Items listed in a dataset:

___

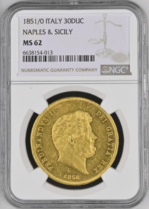 【動画あり】【レア度2-R2】イタリア 1851/0年 フェルディナンド2世 30ドゥカティ金貨 NGC-MS62
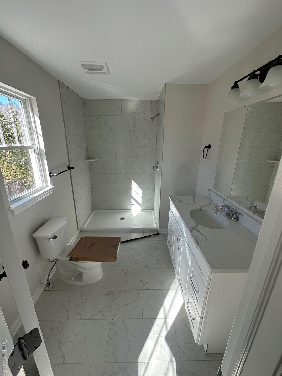 - Full bath featuring vanity, a shower stall, and light marble finish flooring
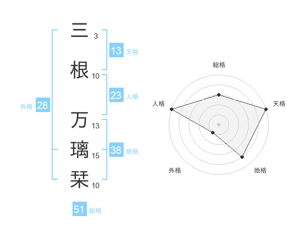 三根 万璃栞さんを姓名の画数から五運を鑑定
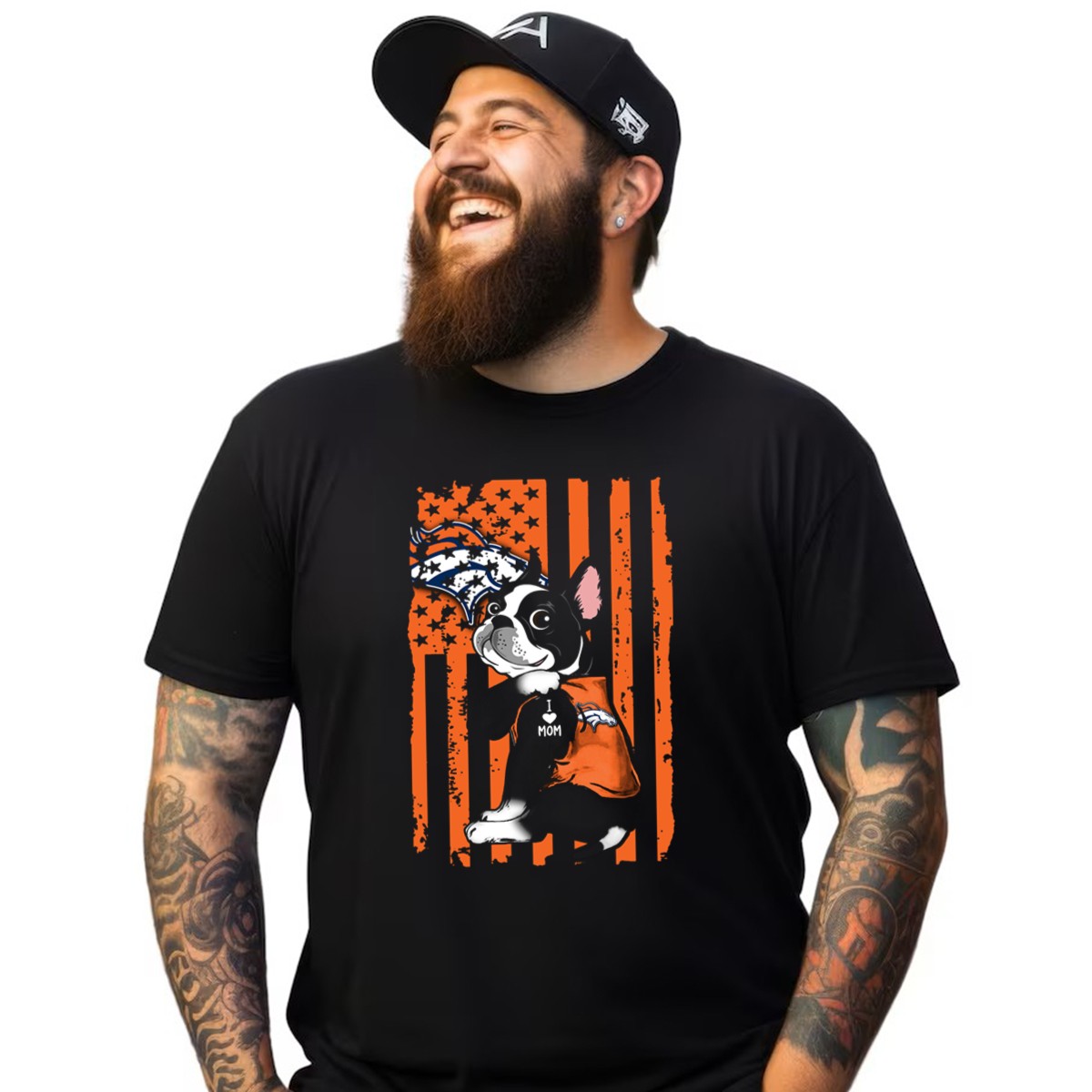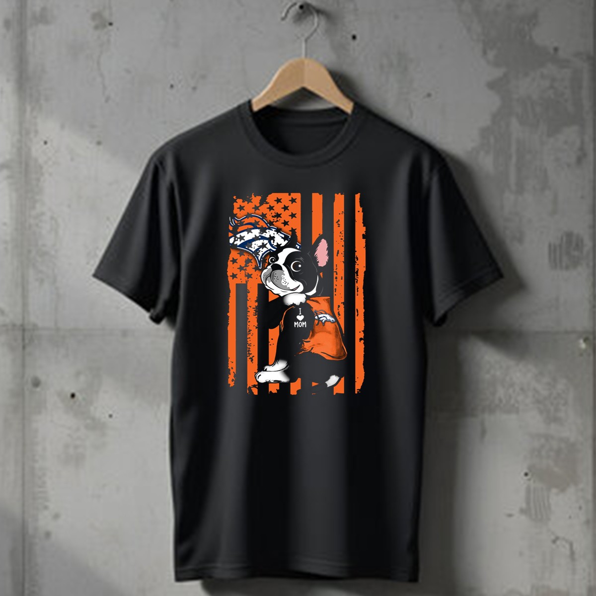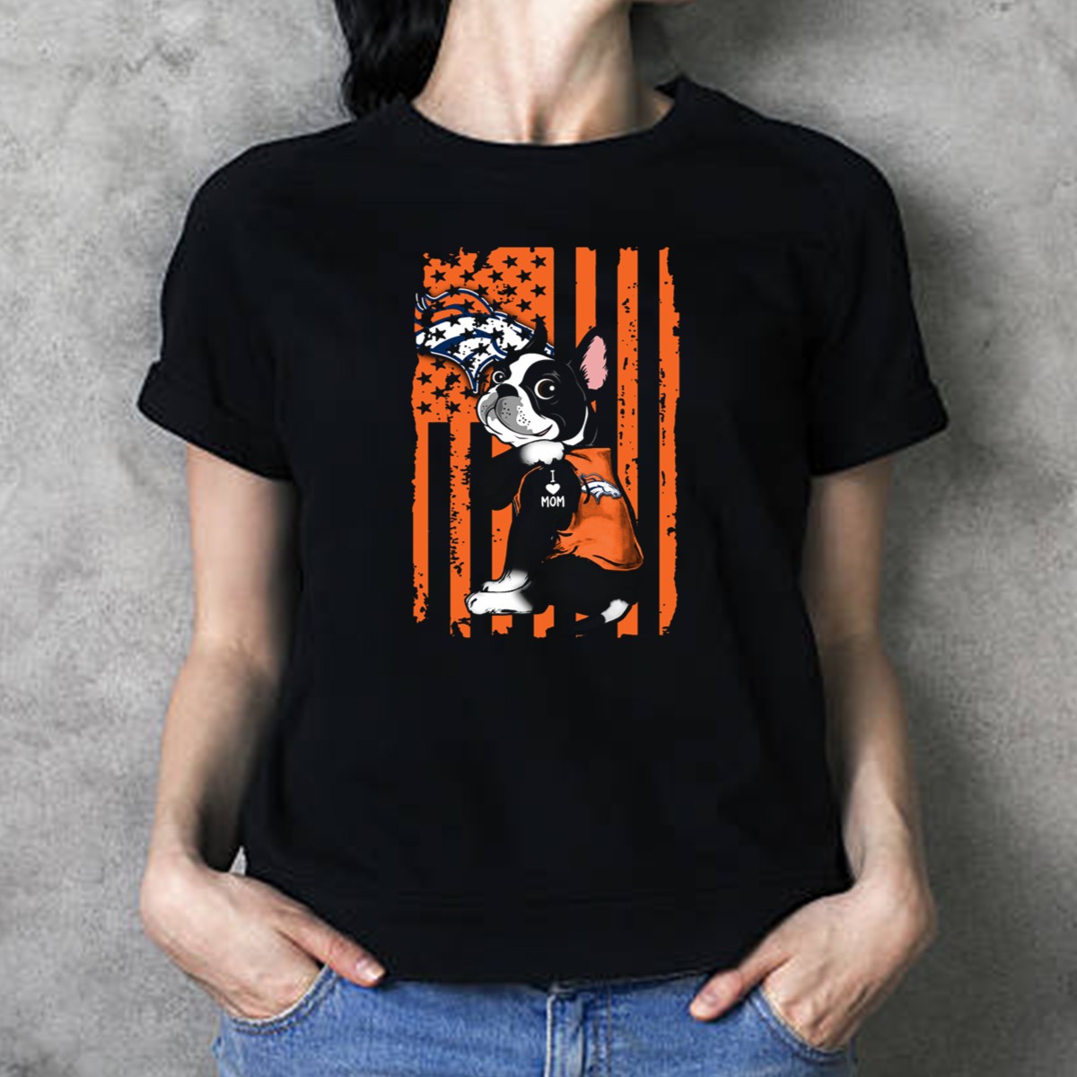 Celebrate your love for both your furry friend and your favorite football team with our Boston Terrier I Love Mom Denver Broncos American Flag Stars T-Shirt. Perfect for dog lovers and sports enthusiasts alike, this fan-made design is ideal for casual outings, themed events, or everyday wear. With its eye-catching graphics and patriotic flair, this shirt is a must-have for any proud Denver Broncos supporter who wants to showcase their passion in style.
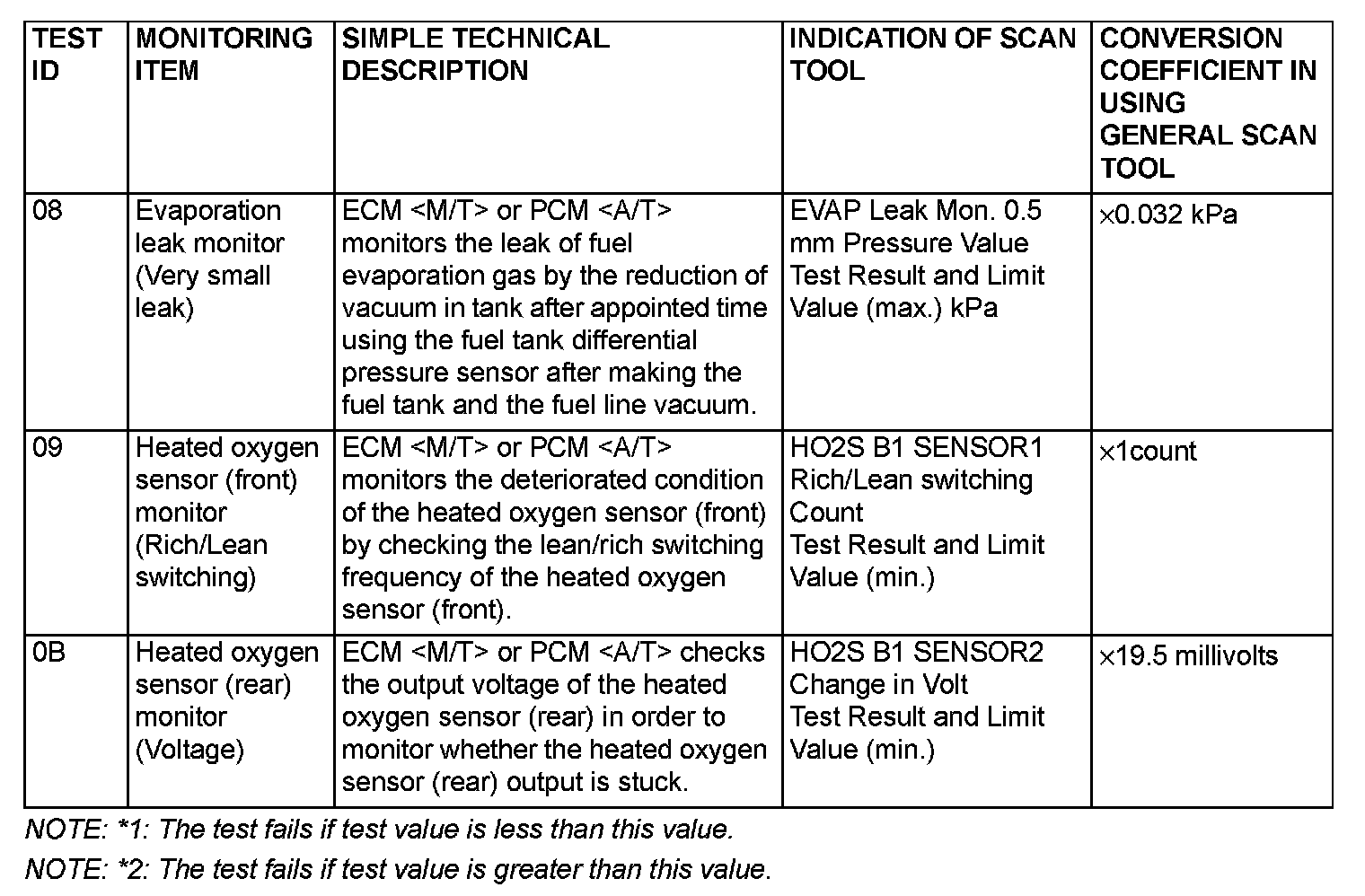 By selecting MODE 6 using scan tool, Test Result and Limit Value (minimum) *1 or (maximum) *2 about the main items of emission control system which ECM
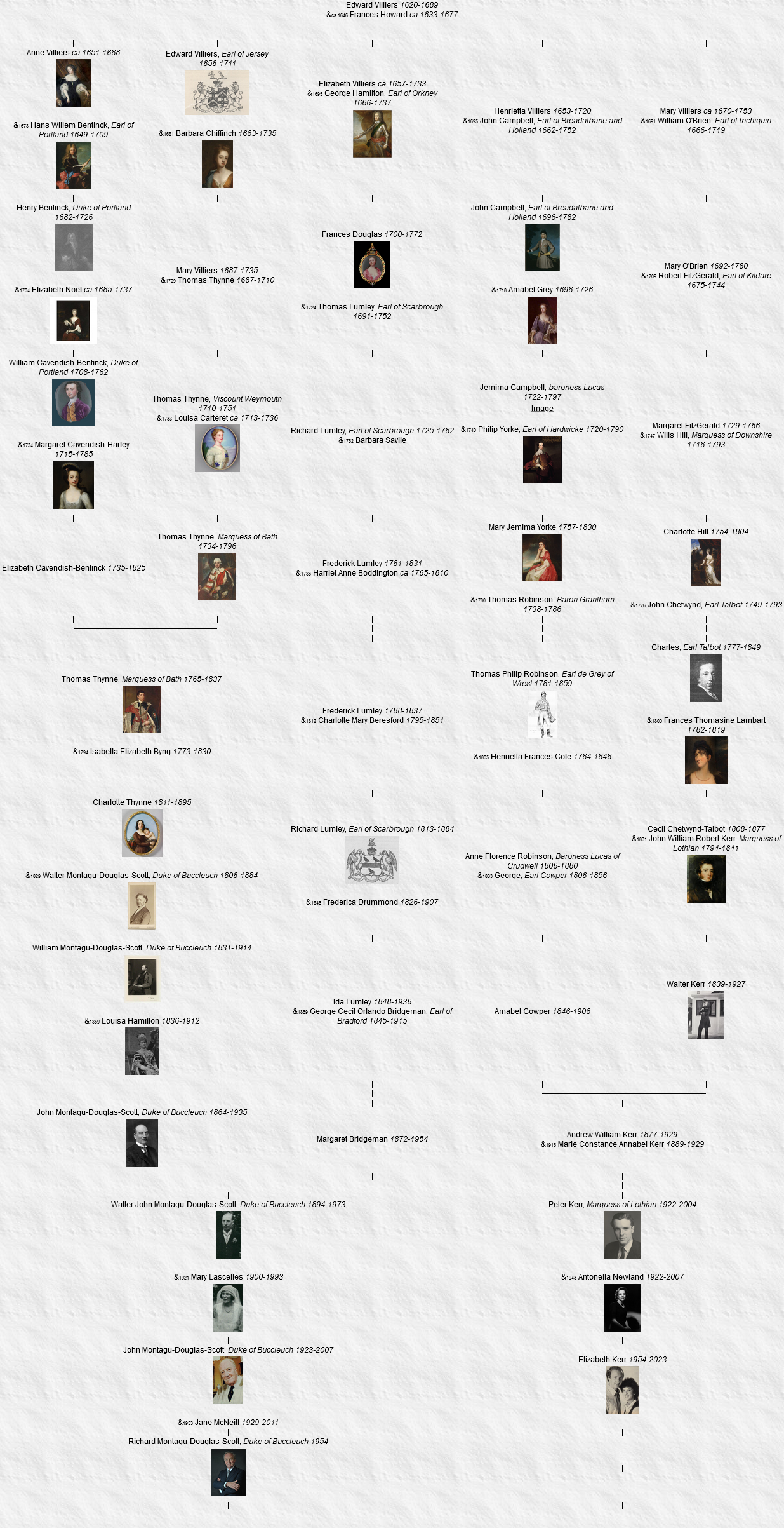 16 John William Robert Kerr, Marquess of Lothian (7e), né le 1er février 1794, Newbattle Abbey, Newbattle, Midlothian, Scotland (United Kingdom), décédé le 14 novembre 1841, Blickling Hall, Blickling, Norfolk, England (United Kingdom) (à l’âge de 47 ans).
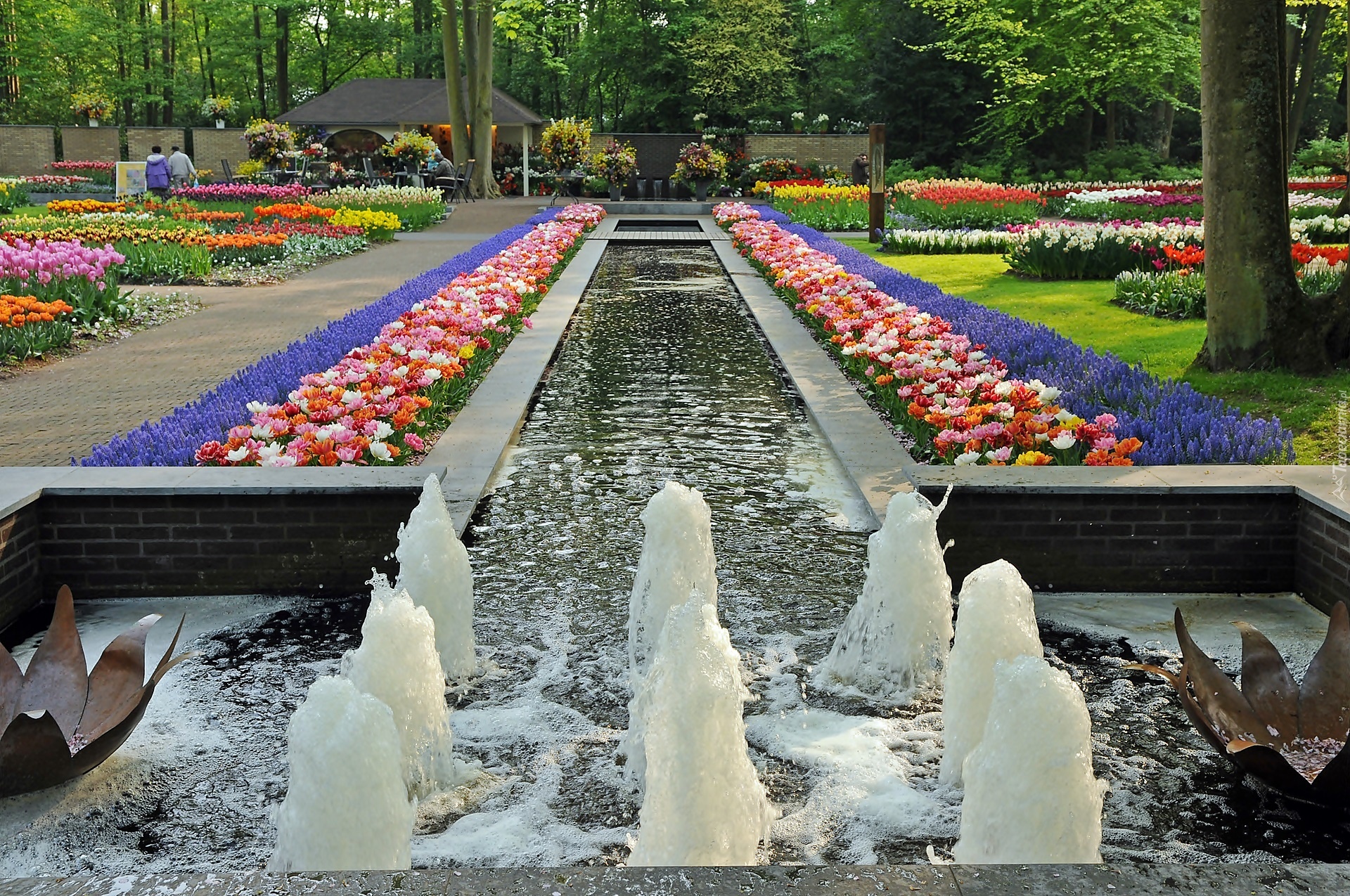 Edytor tapety: Lisse, Park, Keukenhof, Fontanna, Gazony Kwiatowe, Holandia

___

• **How to complete this task**: Give back every entry word for word, and drop the pictures as you go.

• **Exercise output**:
 【動画あり】【レア度2-R2】イタリア 1851/0年 フェルディナンド2世 30ドゥカティ金貨 NGC-MS62
 - Full bath featuring vanity, a shower stall, and light marble finish flooring
 三根 万璃栞さんを姓名の画数から五運を鑑定
 Celebrate your love for both your furry friend and your favorite football team with our Boston Terrier I Love Mom Denver Broncos American Flag Stars T-Shirt. Perfect for dog lovers and sports enthusiasts alike, this fan-made design is ideal for casual outings, themed events, or everyday wear. With its eye-catching graphics and patriotic flair, this shirt is a must-have for any proud Denver Broncos supporter who wants to showcase their passion in style.
 By selecting MODE 6 using scan tool, Test Result and Limit Value (minimum) *1 or (maximum) *2 about the main items of emission control system which ECM
 16 John William Robert Kerr, Marquess of Lothian (7e), né le 1er février 1794, Newbattle Abbey, Newbattle, Midlothian, Scotland (United Kingdom), décédé le 14 novembre 1841, Blickling Hall, Blickling, Norfolk, England (United Kingdom) (à l’âge de 47 ans).
 Edytor tapety: Lisse, Park, Keukenhof, Fontanna, Gazony Kwiatowe, Holandia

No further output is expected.